User Edit Pencil Streamline Icon: https://streamlinehq.com
Authors (7)
  1. Kai Han (184 papers)
  2. Yunhe Wang (145 papers)
  3. Chang Xu (323 papers)
  4. Jianyuan Guo (40 papers)
  5. Chunjing Xu (66 papers)
  6. Enhua Wu (23 papers)
  7. Qi Tian (314 papers)
Citations (86)

Summary

Efficient Deployment of Neural Networks on Heterogeneous Devices: The GhostNet Approach

The deployment of convolutional neural networks (CNNs) on resource-constrained devices such as mobile phones remains a critical challenge. This paper introduces a novel architectural framework termed GhostNet, aimed at efficiently deploying CNNs on heterogeneous devices like CPUs and GPUs by leveraging feature map redundancy through cost-effective operations.

Design of Ghost Modules

The authors propose two main modules: CPU-efficient Ghost (C-Ghost) and GPU-efficient Ghost (G-Ghost). Both modules are designed to exploit the intrinsic redundancy in feature maps that typical CNNs generate.

C-Ghost Module: This module reduces computational overhead by separating an ordinary convolutional layer into two components. The first component generates intrinsic feature maps using conventional convolutions, albeit with a restricted number. The second component employs inexpensive linear operations to synthesize additional feature maps or "ghost" maps from the intrinsic maps, effectively approximating the original feature maps with reduced computation. This mechanism significantly decreases the parameters and FLOPs without compromising network performance.

G-Ghost Module: Tailored for GPU environments, this module addresses latency challenges associated with GPU-inefficient operations like depth-wise convolution.
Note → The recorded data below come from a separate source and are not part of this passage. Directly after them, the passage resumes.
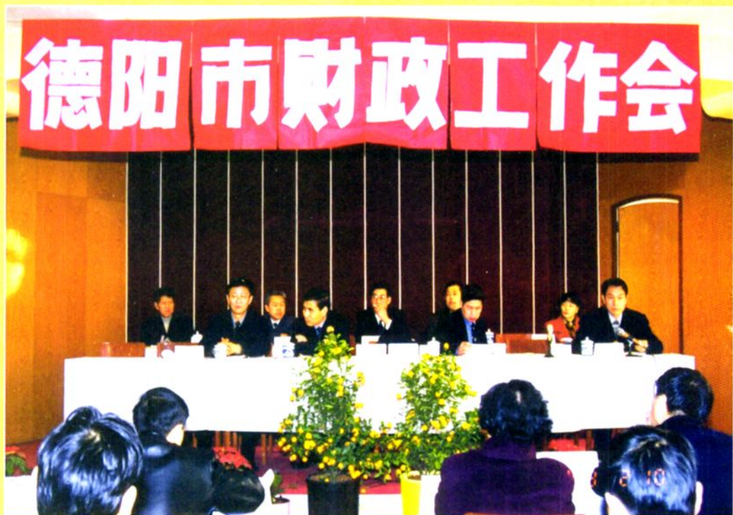
1999年2月9日，德阳市财政工作会议召开，图为会议主席台。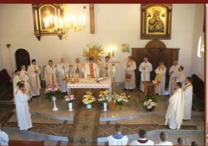
Nr. K. Spisowa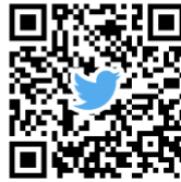
保全員 X (旧 Twitter)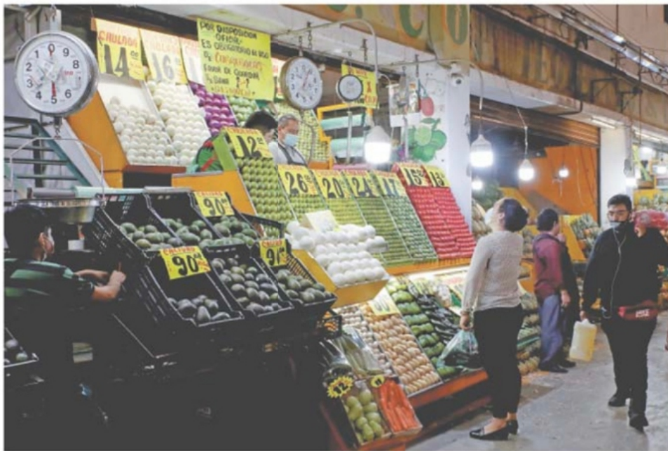
La naranja y el aguacate son los alimentos que han subido más de precio en la administración actual.

Carestía fue de 15% en el gobierno anterior, reporta el Inegi; alertan de enfermedades y población que no podrá comer tres veces al día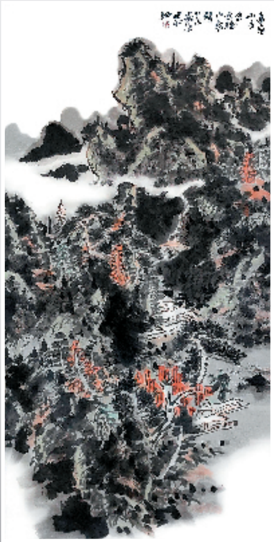
陈迪和 远看山有色 近听水无声 136×68cm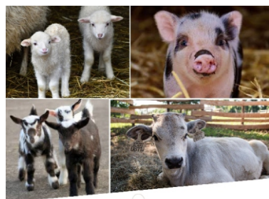
Kisállat simogató a Derecskei Disznótörban!

Mutassa be ön is kedvenc háziállatát 2019. február 2-án szombaton Derecske Főtéren!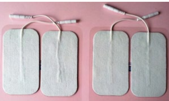
Ref.: AWN 2509 50x90mm PELICULA DE CARBONO / PLATA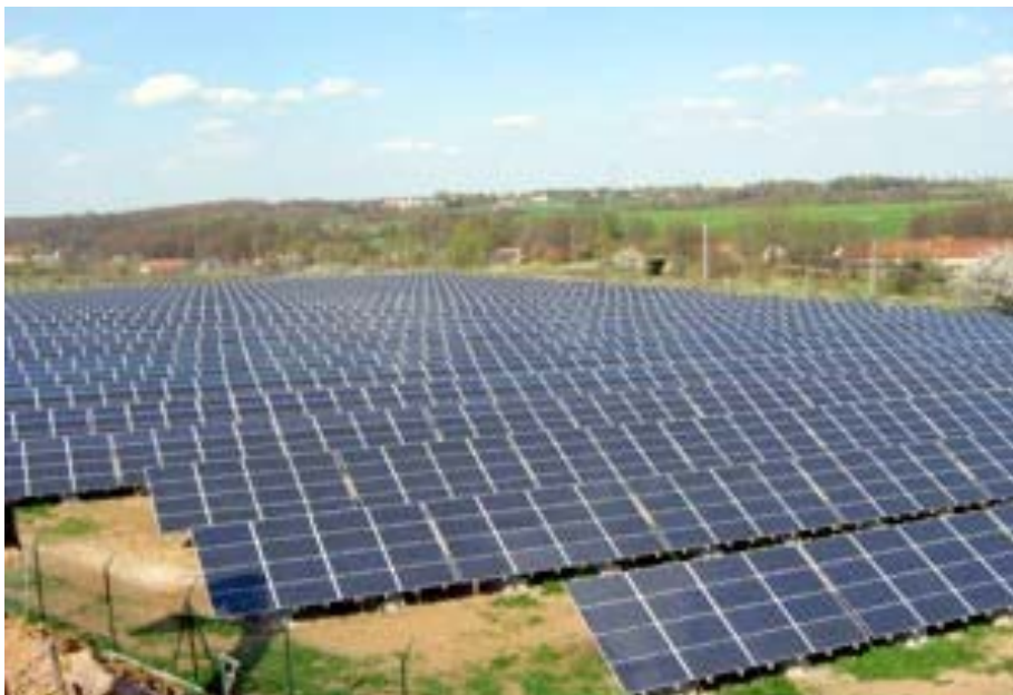
Abbildung 4: Erneuerbare Energien – Fotovoltaik bei Merane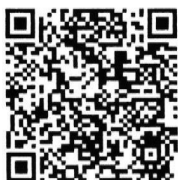
QR Code เอกสารประกอบการประชุม

หมายเหตุ กำหนดการอาจมีการเปลี่ยนแปลงได้ตามความเหมาะสม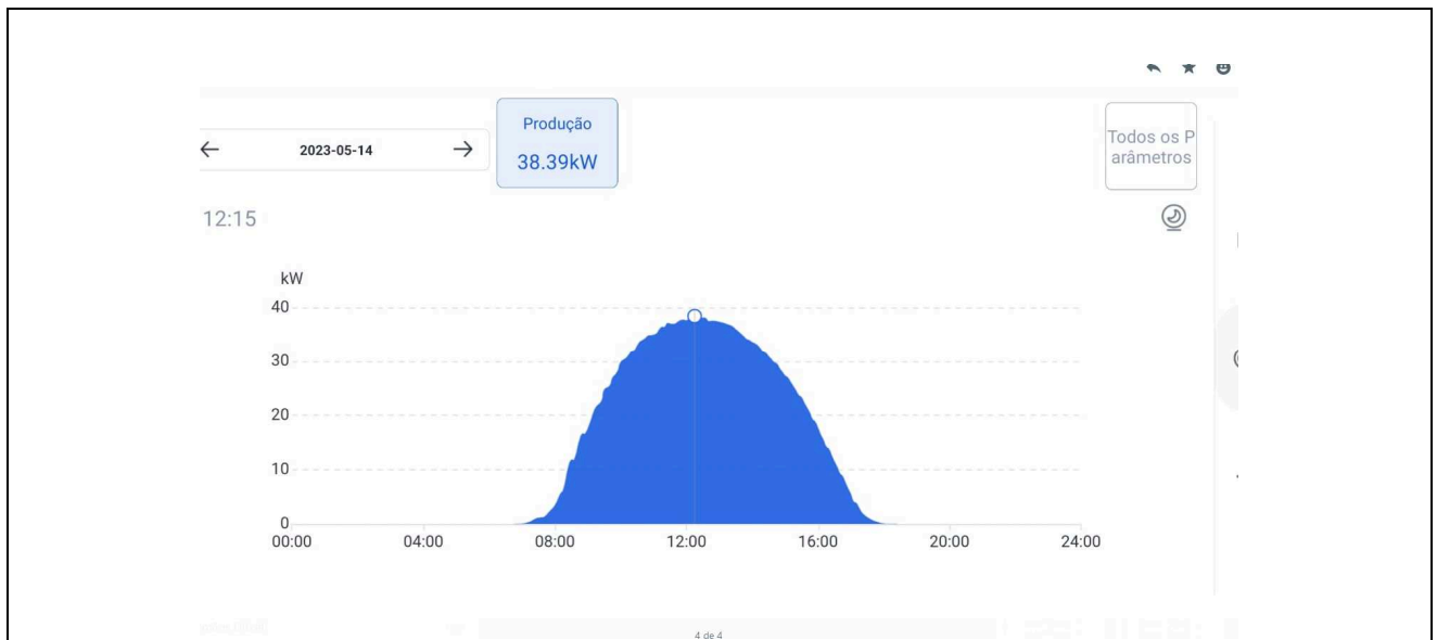
Figura 01 – Gráfico de geração do dia 14/05/23 (aplicativo Solarman) - Cascavel

Nesta etapa a contratada finalizou os ajustes nas usinas fotovoltaicas de Cascavel e Toledo, e o comissionamento das instalações foi realizado pela fiscalização do TRT. As usinas encontram-se em pleno funcionamento conforme informações obtidas através do aplicativo de gerenciamento Solarman.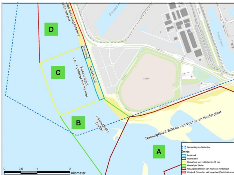
Kaart met indeling van de gebieden aan de Maasvlakte 2

De spot die bekend staat als onbetwist beste wavespot in Nederland vanwege de mega mooie en lang uitgestrekte golfslag. Dit is de plek waar een aantal windmolens in de vloedlijn of op het strand gaan komen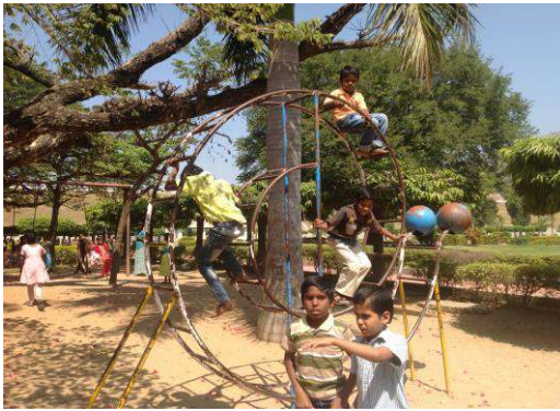
De kinderen uit het hostel zijn een dagje uit in de speeltuin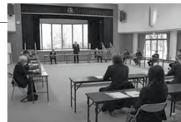
▲各自治会長から多くの意見を頂きました

Q ○街路灯の柱の基礎部の補強（長科自治会） 長科幹線のバイパスから津軽線踏切手前までの街路灯が、基礎部から傾いているので対応をお願いします。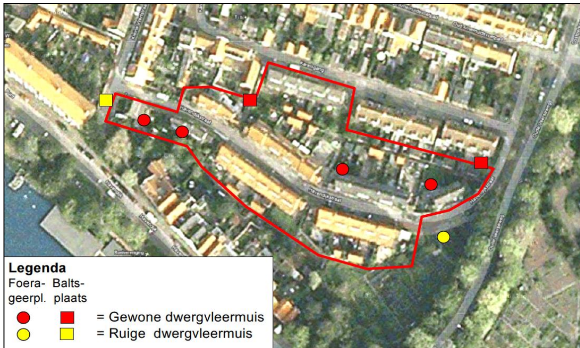
Figuur 4. Waarnemingen van vleermuizen in de voorherfst ter plaatse van en direct rond de Havendijkstraat te Middelburg (kader).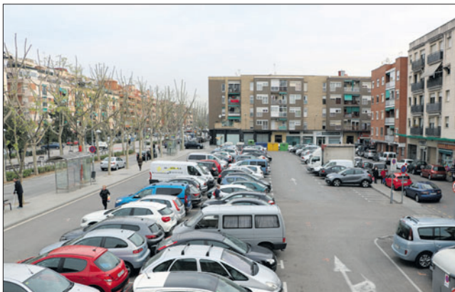
La zona més a prop del carrer de Jaume Balmes acollirà l'ambulatori nou.

Quatre escriptors locals van presentar els seus llibres | 9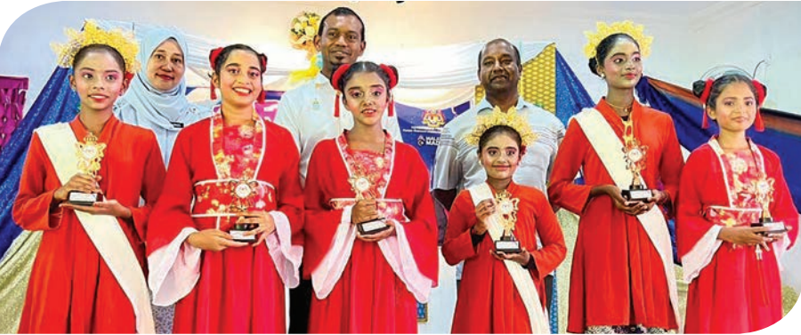
வட செபராங் பிறை மாவட்ட அளவில் அறநெறி கல்வி கர்னிவலில் வெற்றிப்பெற்ற மாணவர்களுக்கு பாகான் டாலாம் சட்டமன்ற உறுப்பினர் குமரன் கிருஷ்ணன் பரிசுகளை எடுத்து வழங்கினார்.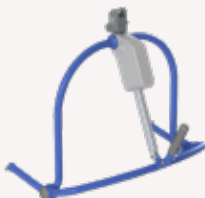
Medium og stor 4-punkts Powered Dynamic Positioning System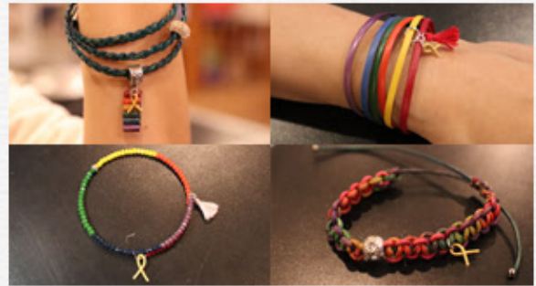
달그림자의 가족 수공예 팔찌

* 작년에 에코백을 놓치신 분들을 위해 23회 인천인권영화제 에코백을 준비해 두었습니다.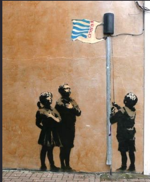
Banksy , Every little Helps , Londres, 2008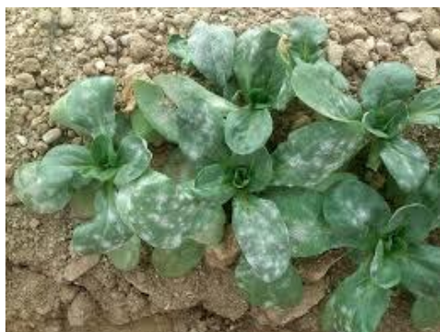
Slika 4. plamenjača matovilca

ZAŠTITA: Matovilac ne treba sijati pregusto. Pojedinačne zaražene biljke treba odstraniti iz usjeva. Djelotvorni su fungicidi za zaštitu salate od plamenjača (Maceljski i sur., 2004.).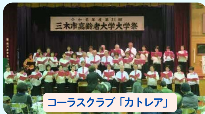
コーラスクラブ「カトレア」

「園芸クラブ」は、高齢者大学近くの農園で、野菜づくりを行い、収穫した野菜は、農園で味わったり、家庭に持ち帰ったりしています。お互いに交流しながら学びと仲間づくりをしています。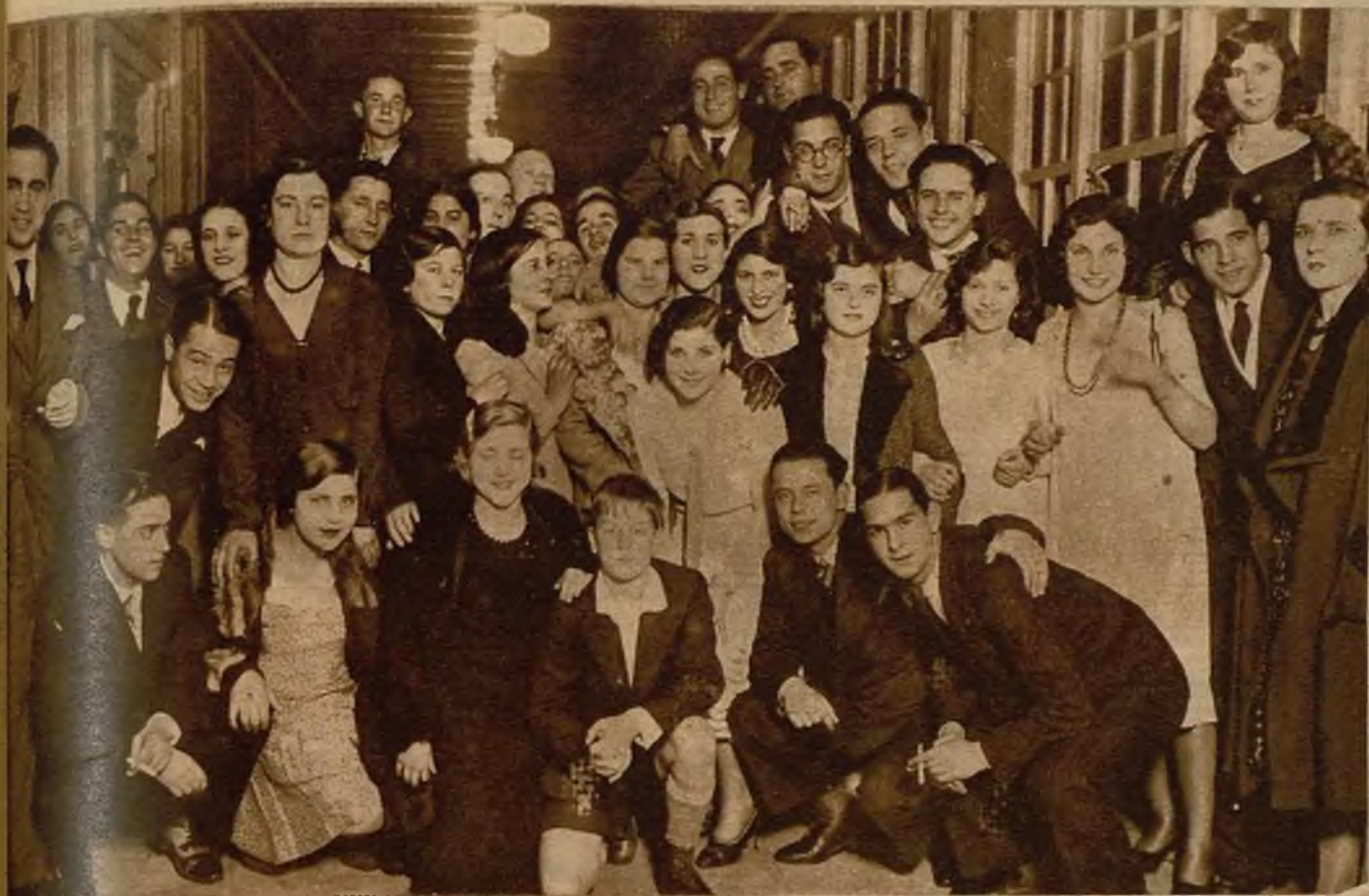
CORUSA.—Concurrentes al baile organizado por los estudiantes coruñeses en honor de los de Medicina de Santiago, con motivo de haber obtenido los títulos de inspectores de Sanidad en los cursillos celebrados en La Coruña

The G-Ghost design splits features into two paths: a primary path producing essential feature maps with fewer output channels and a secondary path generating redundant ghost features using cost-effective operations. This stage-wise strategy is inherently more suitable for GPUs due to lower memory operation ratios.

Performance and Implementation

Experiments on CIFAR-10 and ImageNet using the GhostNet architecture demonstrate impressive gains in efficiency and speed. When incorporated into existing architectures like VGG and ResNet:

  • C-GhostNet achieves up to a 2x reduction in computation on standard metrics with negligible accuracy loss. For example, Ghost-ResNet50 achieves comparable accuracy to standard ResNet50 while reducing computation by over 40%.
  • G-GhostNet enhances GPU-based speed significantly, attaining latency reductions of up to 16% on GPUs compared to baseline models, without sacrificing model accuracy.

Further, GhostNet's adaptability and plug-and-play nature make it applicable to diverse architectures, enhancing their efficiency across tasks such as object detection in MS COCO.

Implications and Future Applications

The paper makes substantive contributions to model efficiency, promising broad implications:

  • Practical Deployability: GhostNet facilitates deployment on mobile and embedded systems by optimizing both computational and memory efficiencies.
  • Architectural Flexibility: Its modular design allows seamless integration into different network backbones, offering potential optimizations for diverse applications beyond image classification.
  • Theoretical Insights: The delineation of redundancy exploitation in feature maps could inspire further research into reducing unnecessary computations in deep learning models.

Moving forward, potential extensions of this work may include automating the design of Ghost modules for various architectures through neural architecture search or expanding the scope to other domains like natural language processing, where computation cost is a significant concern.

In conclusion, GhostNet represents a robust step toward sustainable, efficient neural network deployment on varying computational platforms, offering a compelling blend of theoretical innovation and practical utility.